La scorsa settimana durante un giro la palla di un giocatore si è fermata su un ponte sopra un ostacolo d’acqua ed è nata una discussione su come fosse corretto procedere. Voi lo sapete?

Se uno non sa cosa si può fare in un caso del genere la cosa migliore è come sempre di giocare la palla come si trova, in modo da non sbagliare mai e in questo specifico caso è anche la cosa giusta da fare.

Per prima cosa diciamo che un ponte, se non definito differentemente da una regola locale è un’ostruzione inamovibile e questo è l’argomento della regola 24-2 del golf.
Solitamente da un’ostruzione inamovibile si ha la possibilità di un free drop ma nel caso in oggetto bisogna andare alla nota 1 della regola 24-2 che dice:
“Se una palla è in un ostacolo d’acqua il giocatore non può ovviare all’interferenza con un’ostruzione inamovibile.
Il giocatore deve giocare la palla come si trova o procedere secondo la regola 26-1 (regola di palla in ostacolo d’acqua)”
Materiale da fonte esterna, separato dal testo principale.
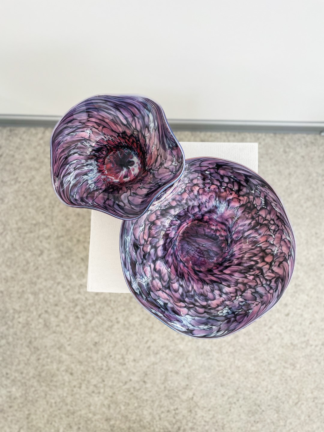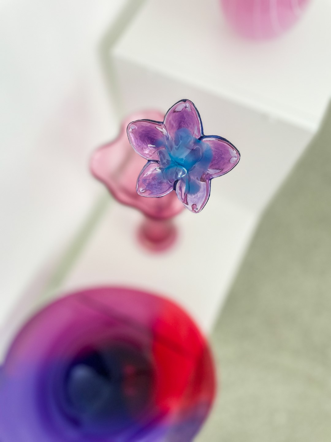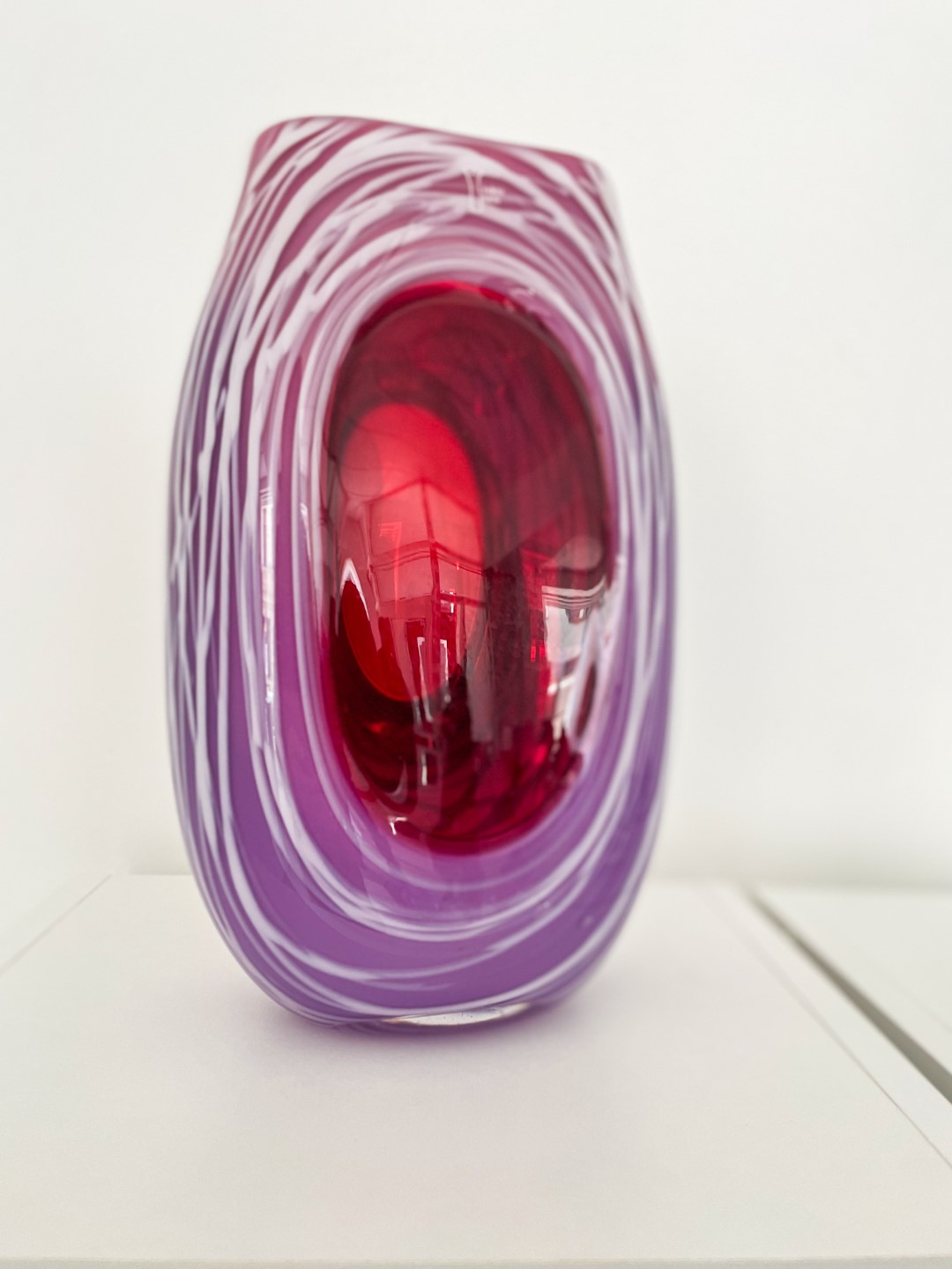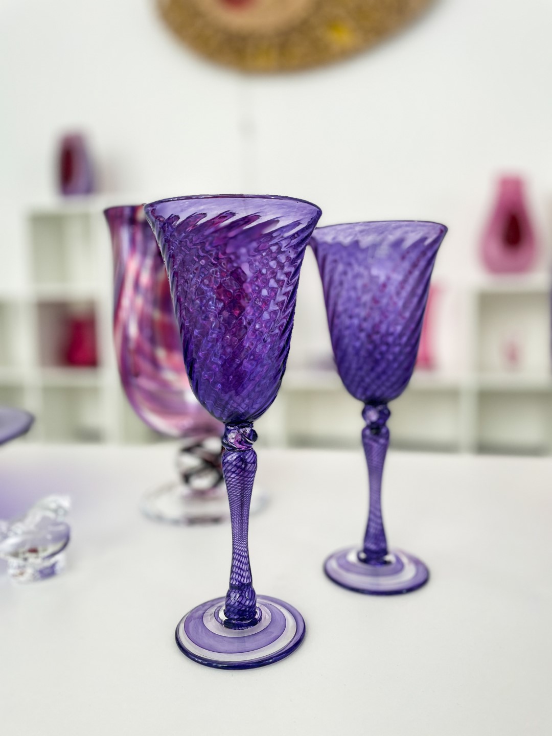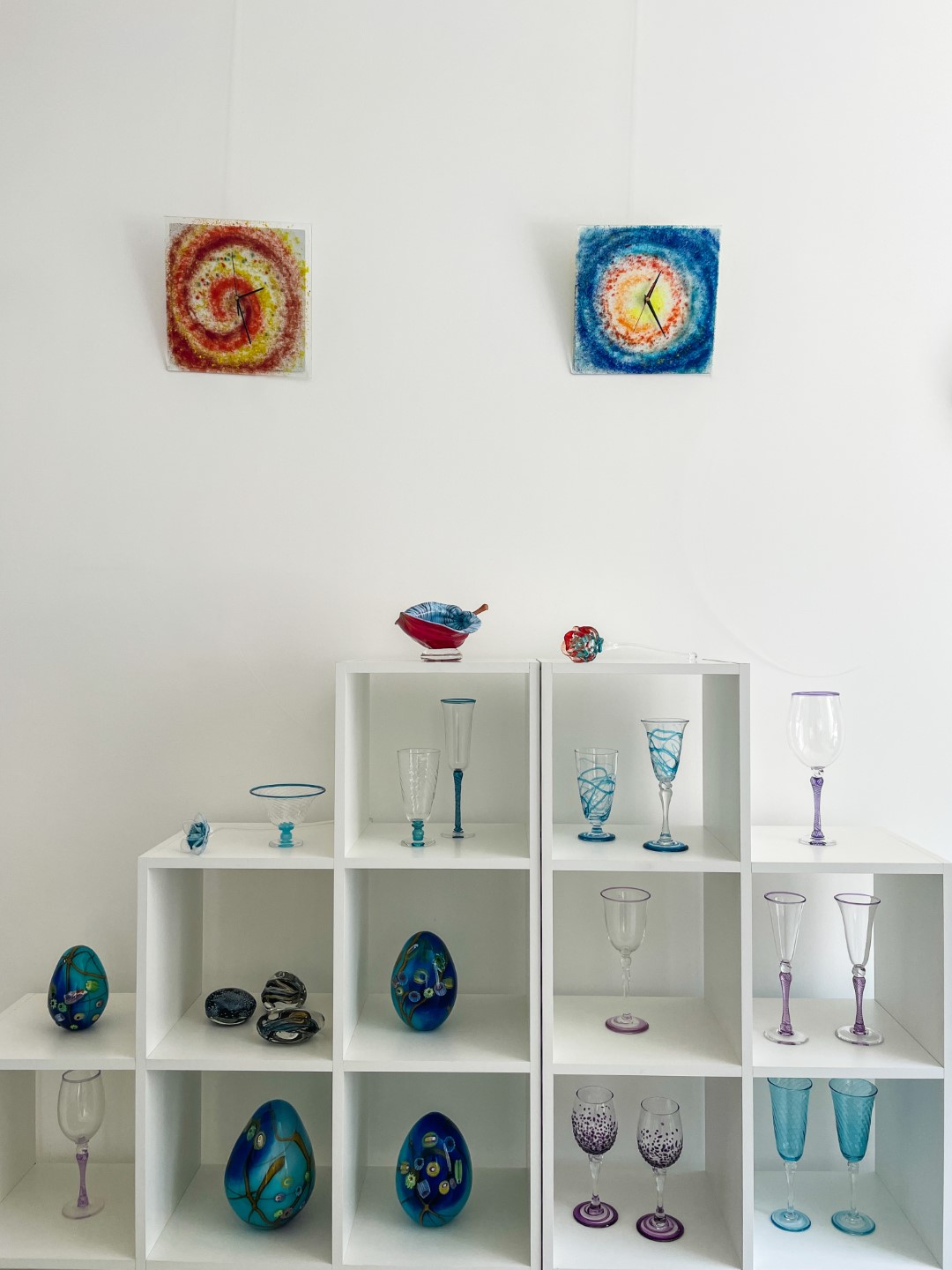 “Ite izapauž myusu stykla pyutieja Aleksandra Logvina fantazeja, jis ir golvonais amata meistars – pats izdūmoj i pats roda. Niu jis ir cīši aizaruovs ar senejom Venecejis stykla tehnikom. Veneceja itymā omotā godu symtim ir napuorspiejama i niu, pasateicūt vysim škārsteikla plotumim, mums ir vareiba apsavērt i pasavuiceit, kai ar styklu struodoj tī. Ite mes narunojam par taidu Leivuona styklu, kas byutu puormontuojs vacuos tradicejis, kaidu styklu nu Leivuona ir īrosts redzēt, mes vaira runojam par tū, ka ir sasaglobuojs stykla pyutieja omots i sasagloboj tradiceja, ka Leivuonā nūteik stykla izstruode kai taida,” stuosta Ilze.

La palla su un ponte è in ostacolo d’acqua perché ricordiamo che la sua definizione prevede che i margini di un ostacolo d’acqua si estendano verticalmente verso l’alto e verso il basso.

L’unica differenza fra giocare una palla in ostacolo e giocare una palla su un ponte riguarda la possibilità di poter appoggiare il bastone per terra.
Infatti la decisione delle regole 13-4/30 ci spiega che essendo il ponte un’ostruzione, il bastone può toccarla nell’addressare la palla o nel movimento indietro per il colpo.
Anche toccare il ponte prima di addressare la palla è permesso, dal momento che un’ostruzione in un ostacolo d’acqua non è “terreno dell’ostacolo”.
Questo si applica anche se il ponte è stato dichiarato parte integrante del campo.